** Dataset section follows **
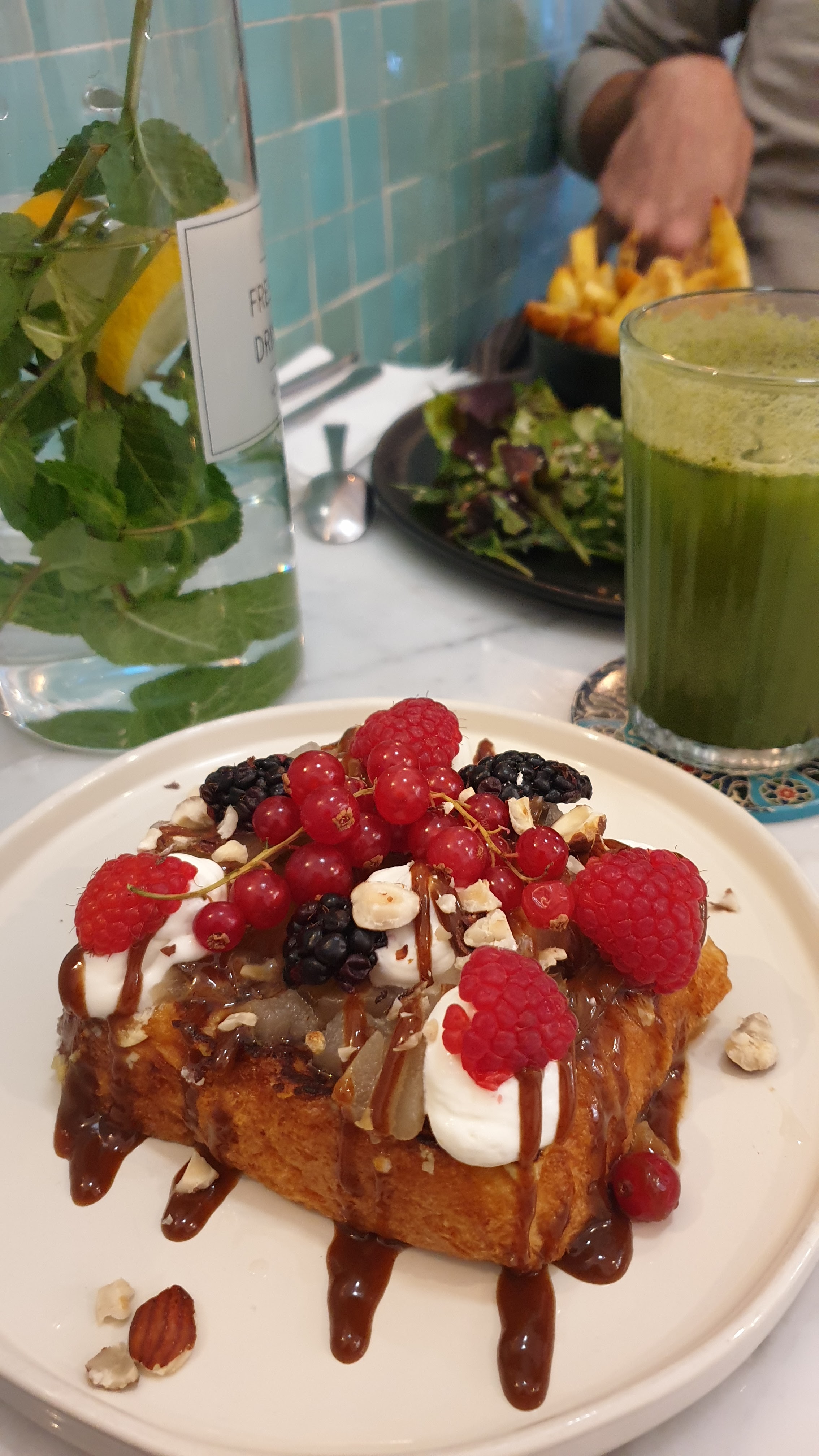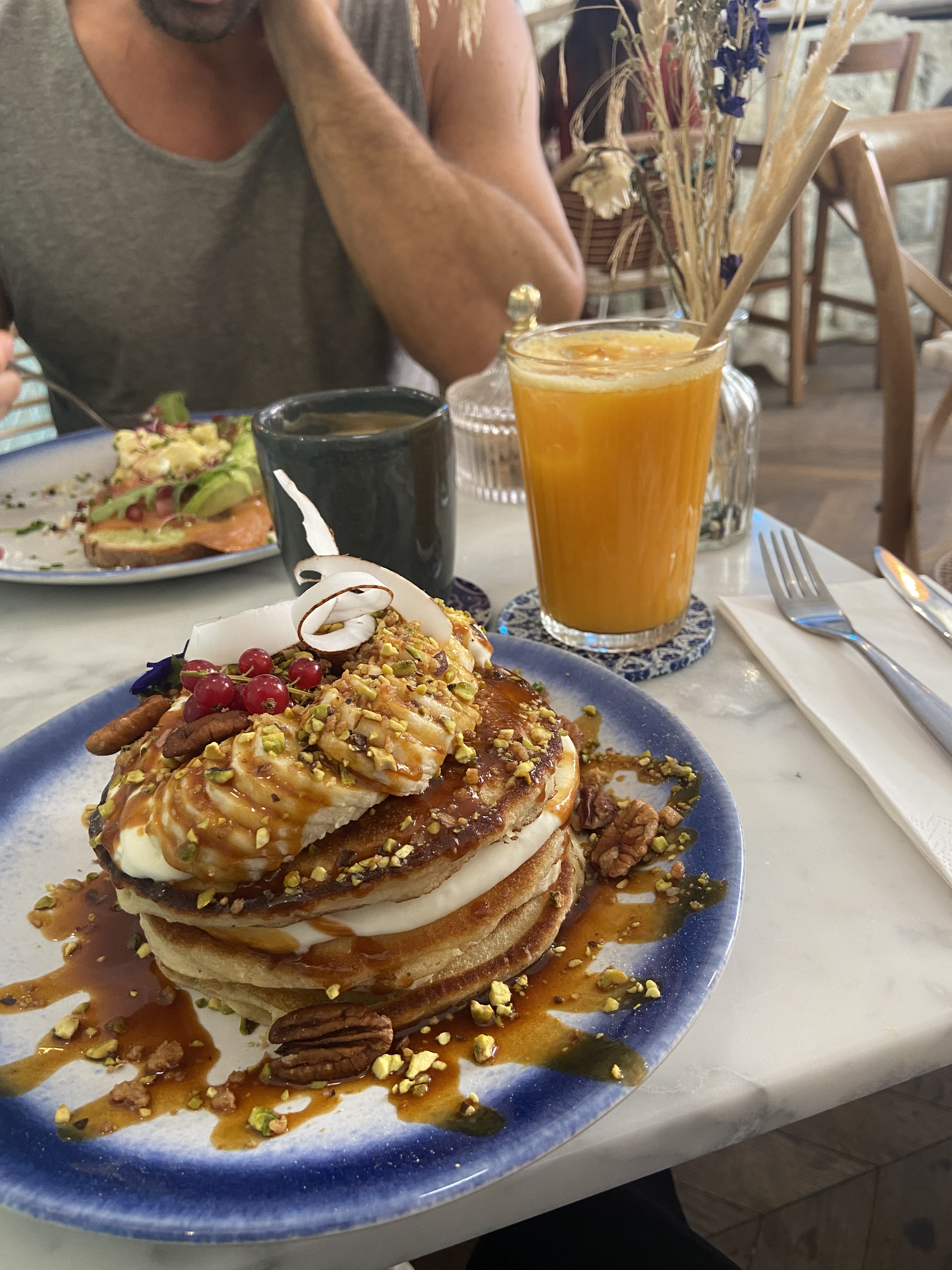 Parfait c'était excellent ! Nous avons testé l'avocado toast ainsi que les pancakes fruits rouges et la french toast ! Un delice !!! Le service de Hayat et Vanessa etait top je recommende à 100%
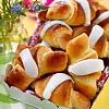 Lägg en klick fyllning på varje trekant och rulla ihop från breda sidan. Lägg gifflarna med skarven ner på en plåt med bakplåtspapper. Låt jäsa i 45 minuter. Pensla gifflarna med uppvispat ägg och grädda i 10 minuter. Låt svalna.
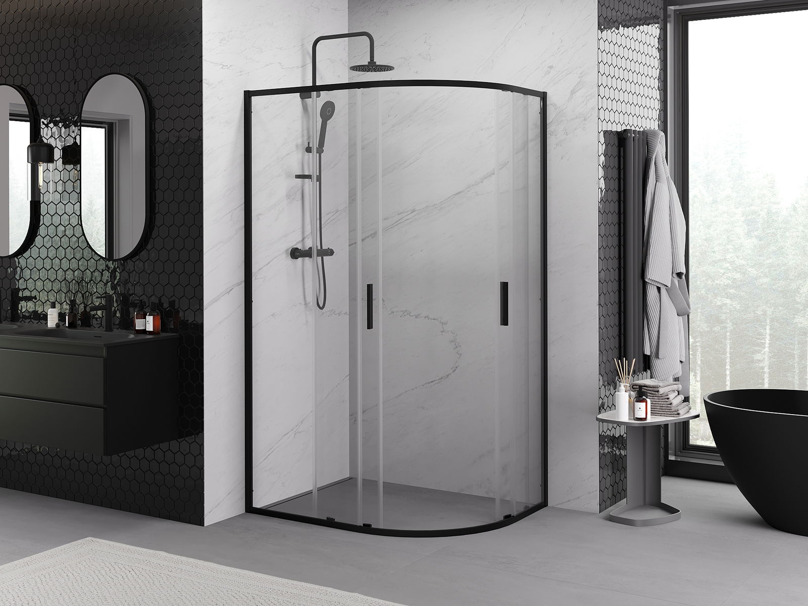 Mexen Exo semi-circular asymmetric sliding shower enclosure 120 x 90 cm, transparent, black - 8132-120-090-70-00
** End of Dataset section **
- _Work order_: Give back an exact copy of the material above, omitting the pictures.

- _Written solution_:
 Parfait c'était excellent ! Nous avons testé l'avocado toast ainsi que les pancakes fruits rouges et la french toast ! Un delice !!! Le service de Hayat et Vanessa etait top je recommende à 100%
 Lägg en klick fyllning på varje trekant och rulla ihop från breda sidan. Lägg gifflarna med skarven ner på en plåt med bakplåtspapper. Låt jäsa i 45 minuter. Pensla gifflarna med uppvispat ägg och grädda i 10 minuter. Låt svalna.
 Mexen Exo semi-circular asymmetric sliding shower enclosure 120 x 90 cm, transparent, black - 8132-120-090-70-00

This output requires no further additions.